• Record excerpts:
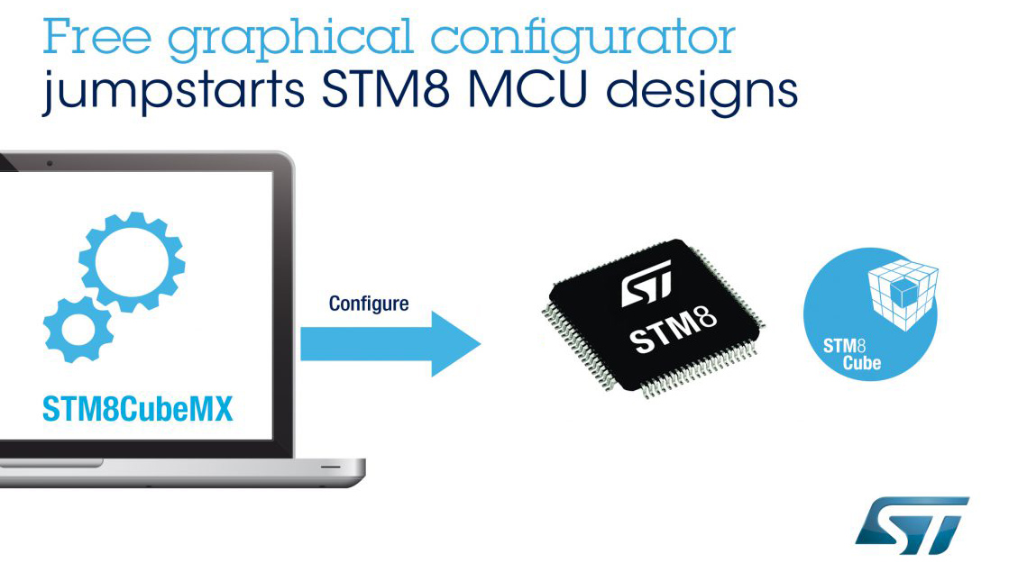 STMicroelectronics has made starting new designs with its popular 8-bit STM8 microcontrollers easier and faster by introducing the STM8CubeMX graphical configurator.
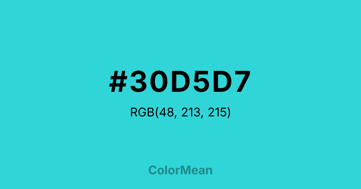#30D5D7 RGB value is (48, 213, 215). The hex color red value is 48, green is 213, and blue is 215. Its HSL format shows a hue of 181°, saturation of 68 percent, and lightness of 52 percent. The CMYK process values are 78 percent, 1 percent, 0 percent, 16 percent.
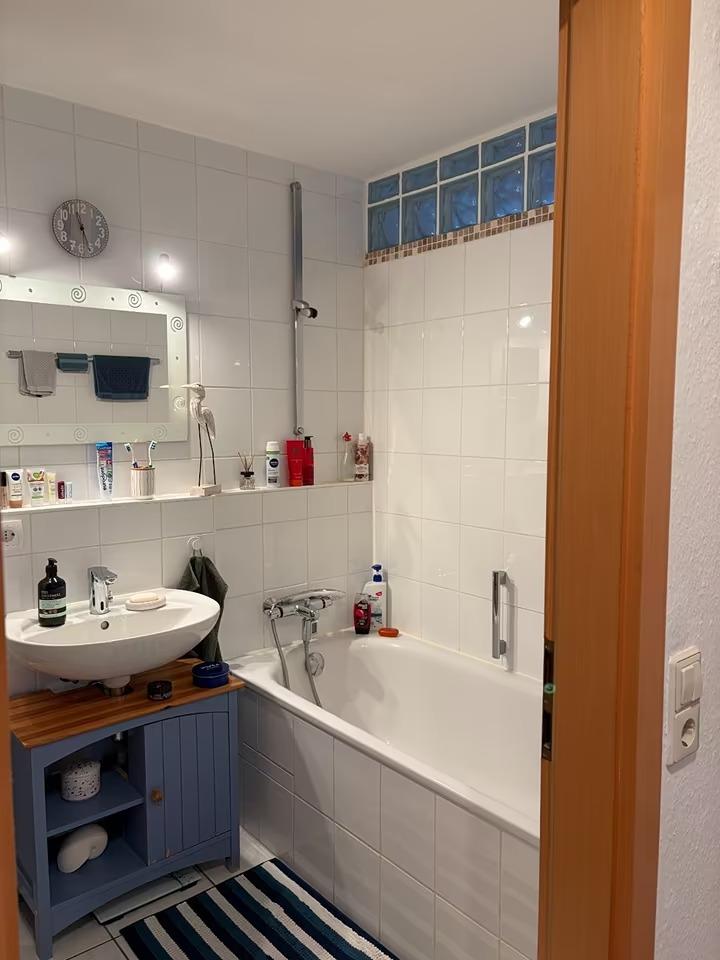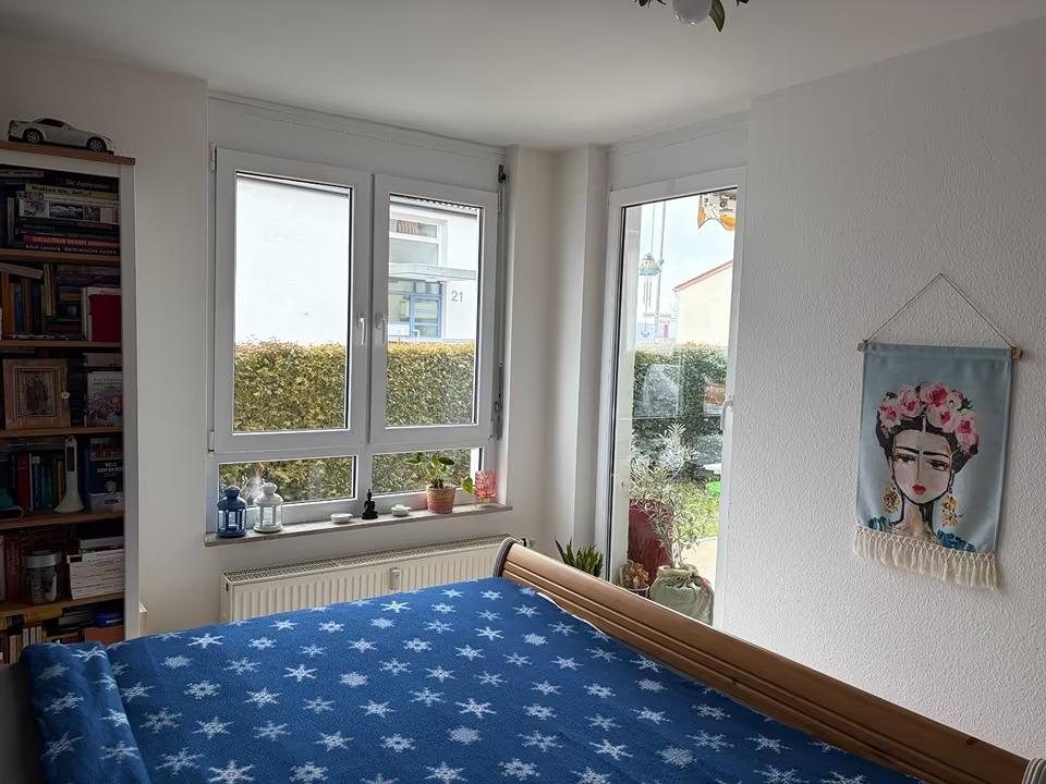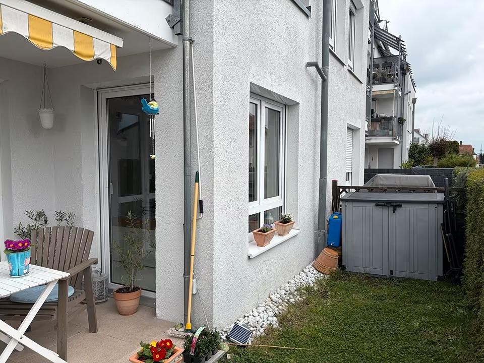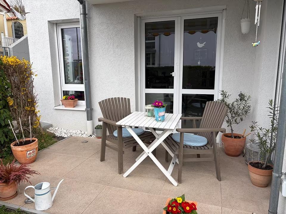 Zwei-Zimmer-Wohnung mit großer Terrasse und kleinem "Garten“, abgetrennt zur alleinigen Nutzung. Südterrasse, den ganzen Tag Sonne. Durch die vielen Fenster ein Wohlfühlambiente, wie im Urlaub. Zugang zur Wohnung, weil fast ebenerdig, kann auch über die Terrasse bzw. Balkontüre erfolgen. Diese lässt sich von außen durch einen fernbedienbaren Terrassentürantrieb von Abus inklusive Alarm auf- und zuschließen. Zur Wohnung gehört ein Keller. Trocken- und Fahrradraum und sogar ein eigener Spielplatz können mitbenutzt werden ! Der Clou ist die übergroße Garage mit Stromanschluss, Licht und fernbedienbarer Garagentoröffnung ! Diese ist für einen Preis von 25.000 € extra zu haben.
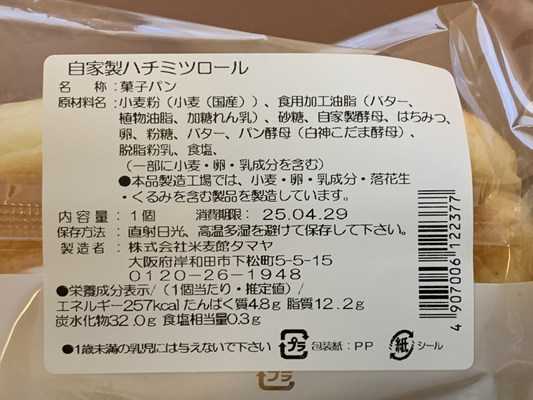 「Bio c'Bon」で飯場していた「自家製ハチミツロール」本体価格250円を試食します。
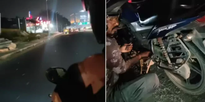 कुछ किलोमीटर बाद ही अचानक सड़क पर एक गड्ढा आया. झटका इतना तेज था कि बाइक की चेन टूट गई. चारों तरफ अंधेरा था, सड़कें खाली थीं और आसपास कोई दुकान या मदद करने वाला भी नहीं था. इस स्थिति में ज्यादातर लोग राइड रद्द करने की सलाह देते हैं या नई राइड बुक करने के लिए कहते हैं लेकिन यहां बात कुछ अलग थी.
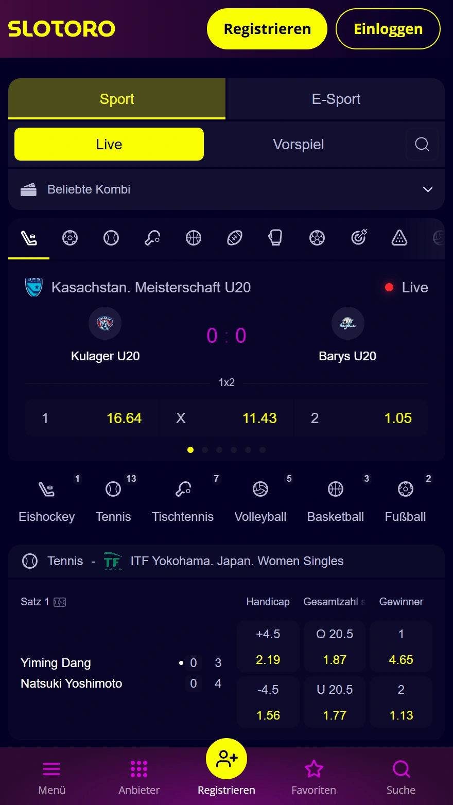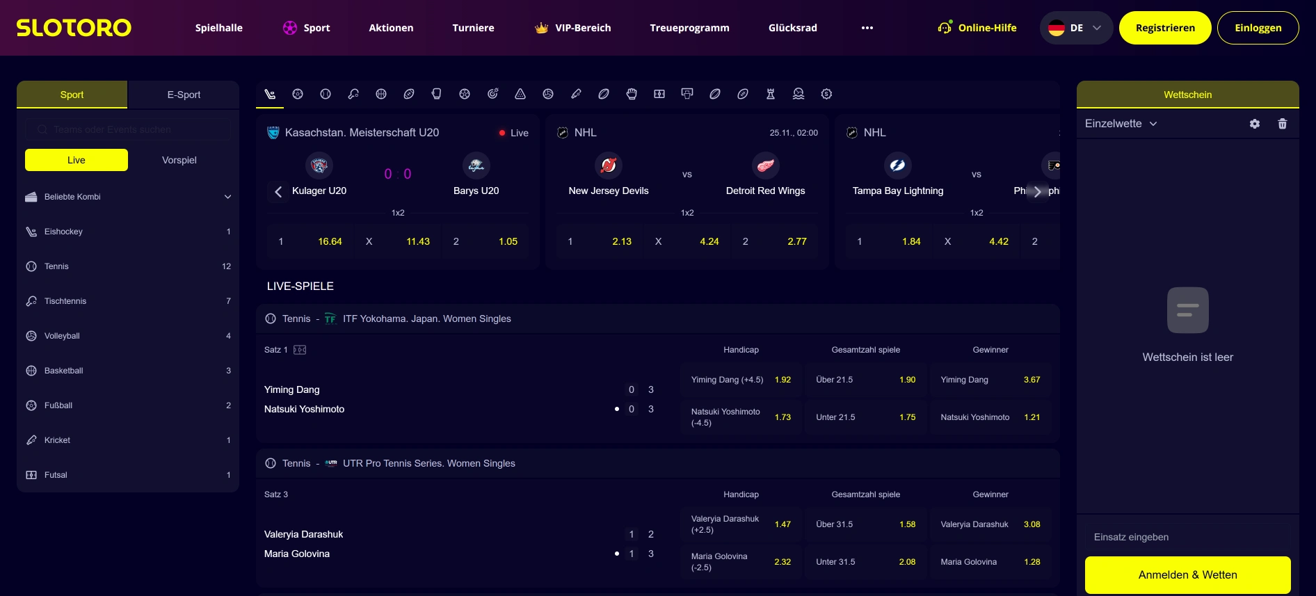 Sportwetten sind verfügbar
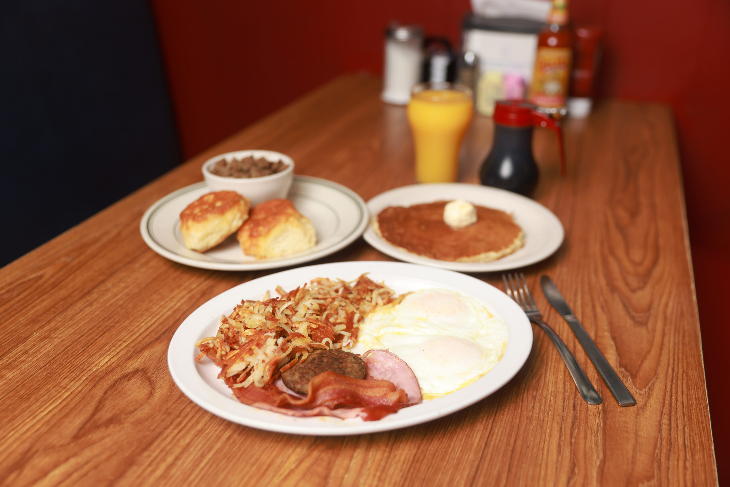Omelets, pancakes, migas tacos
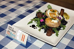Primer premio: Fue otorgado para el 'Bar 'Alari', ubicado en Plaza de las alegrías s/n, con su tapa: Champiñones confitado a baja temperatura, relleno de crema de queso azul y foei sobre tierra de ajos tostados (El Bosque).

• What the exercise asks: Look above for the line with "#30D5D7 RGB value" and the line with "Omelets, pancakes, migas tacos". Output those two and everything between them exactly, pictures excluded.

• Task answer:
#30D5D7 RGB value is (48, 213, 215). The hex color red value is 48, green is 213, and blue is 215. Its HSL format shows a hue of 181°, saturation of 68 percent, and lightness of 52 percent. The CMYK process values are 78 percent, 1 percent, 0 percent, 16 percent.
 Zwei-Zimmer-Wohnung mit großer Terrasse und kleinem "Garten“, abgetrennt zur alleinigen Nutzung. Südterrasse, den ganzen Tag Sonne. Durch die vielen Fenster ein Wohlfühlambiente, wie im Urlaub. Zugang zur Wohnung, weil fast ebenerdig, kann auch über die Terrasse bzw. Balkontüre erfolgen. Diese lässt sich von außen durch einen fernbedienbaren Terrassentürantrieb von Abus inklusive Alarm auf- und zuschließen. Zur Wohnung gehört ein Keller. Trocken- und Fahrradraum und sogar ein eigener Spielplatz können mitbenutzt werden ! Der Clou ist die übergroße Garage mit Stromanschluss, Licht und fernbedienbarer Garagentoröffnung ! Diese ist für einen Preis von 25.000 € extra zu haben.
 「Bio c'Bon」で飯場していた「自家製ハチミツロール」本体価格250円を試食します。
 कुछ किलोमीटर बाद ही अचानक सड़क पर एक गड्ढा आया. झटका इतना तेज था कि बाइक की चेन टूट गई. चारों तरफ अंधेरा था, सड़कें खाली थीं और आसपास कोई दुकान या मदद करने वाला भी नहीं था. इस स्थिति में ज्यादातर लोग राइड रद्द करने की सलाह देते हैं या नई राइड बुक करने के लिए कहते हैं लेकिन यहां बात कुछ अलग थी.
 Sportwetten sind verfügbar
Omelets, pancakes, migas tacos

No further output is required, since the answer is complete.